Friday, November 20, 2020

Pandas Dataframe to JSON

 Pandas has a function (.to_json()) that takes a series/dataframe and converts it into JSON object.

It has an interesting parameter (orient) that allow different orientations of the JSON string format. Allowed values are: {'split','records','index','columns','values','table'}. Let see how it works.

Assuming we have the table below in out dataframe and now we want it as a JSON data for use on another web platform (JSON work better on web than tabular data).



As usual, we read the data table into a dataframe variable (here it is called: json_df).


Then the .to_json() function is called on the dataframe to convert it to JSON like this:-

json_df.to_json()

There are many parameters we can pass into the function such as path to save the JSON and orient to orient the JSON in different formats. Below, we will explore the various orient options available.


As you can see, each orient value has its own different JSON format or structure.

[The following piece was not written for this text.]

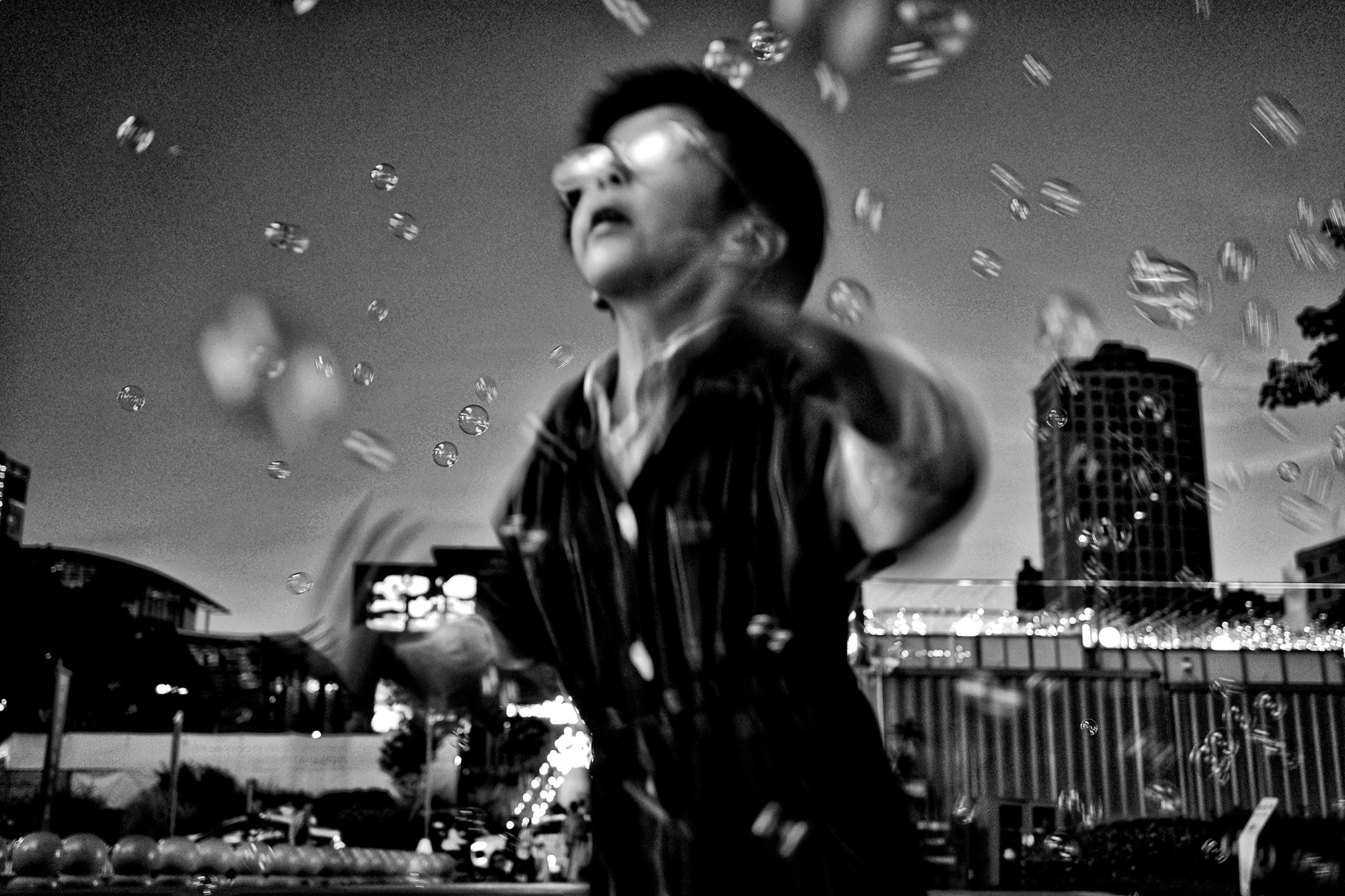 街の喧騒、カラフルなシャボン玉、眼鏡に映る不気味な反射、人生の序列の底辺にいる人物たち、謙虚に生きていても生きづらい......これは現実の荒唐無稽な色彩の光景です。この男性が生み出す視覚的な皮肉は、人々にさまざまなことを考えさせずにはいられません。デフォーカスと粒子の粗さが、写真を具体的なものにも、そうでないものにもしています。生活の中の光景のようでもあり、夢の中の光景のようでも。その光景は芸術的に扱われています。

print(json_df.to_json(orient='columns'))
output = {"Question":{"0":"In what country is the city 'Tokyo'?","1":"In what country is the city 'Delhi'?","2":"In what country is the city 'Cairo'?","3":"In what country is the city 'Chongqing'?","4":"In what country is the city 'Orlando'?","5":"In what country is the city 'Abuja'?"},"Option 1":{"0":"Japan","1":"India","2":"Argentina","3":"Philippines","4":"Mexico","5":"Spain"},"Option 2":{"0":"India","1":"United States","2":"Bangladesh","3":"Pakistan","4":"Angola","5":"Nigeria"},"Option 3":{"0":"Brazil","1":"China","2":"Egypt","3":"China","4":"United States","5":"Canada"}}


print(json_df.to_json(orient='split'))
output = {"columns":["Question","Option 1","Option 2","Option 3"],"index":[0,1,2,3,4,5],"data":[["In what country is the city 'Tokyo'?","Japan","India","Brazil"],["In what country is the city 'Delhi'?","India","United States","China"],["In what country is the city 'Cairo'?","Argentina","Bangladesh","Egypt"],["In what country is the city 'Chongqing'?","Philippines","Pakistan","China"],["In what country is the city 'Orlando'?","Mexico","Angola","United States"],["In what country is the city 'Abuja'?","Spain","Nigeria","Canada"]]}


print(json_df.to_json(orient='records'))
output = [{"Question":"In what country is the city 'Tokyo'?","Option 1":"Japan","Option 2":"India","Option 3":"Brazil"},{"Question":"In what country is the city 'Delhi'?","Option 1":"India","Option 2":"United States","Option 3":"China"},{"Question":"In what country is the city 'Cairo'?","Option 1":"Argentina","Option 2":"Bangladesh","Option 3":"Egypt"},{"Question":"In what country is the city 'Chongqing'?","Option 1":"Philippines","Option 2":"Pakistan","Option 3":"China"},{"Question":"In what country is the city 'Orlando'?","Option 1":"Mexico","Option 2":"Angola","Option 3":"United States"},{"Question":"In what country is the city 'Abuja'?","Option 1":"Spain","Option 2":"Nigeria","Option 3":"Canada"}]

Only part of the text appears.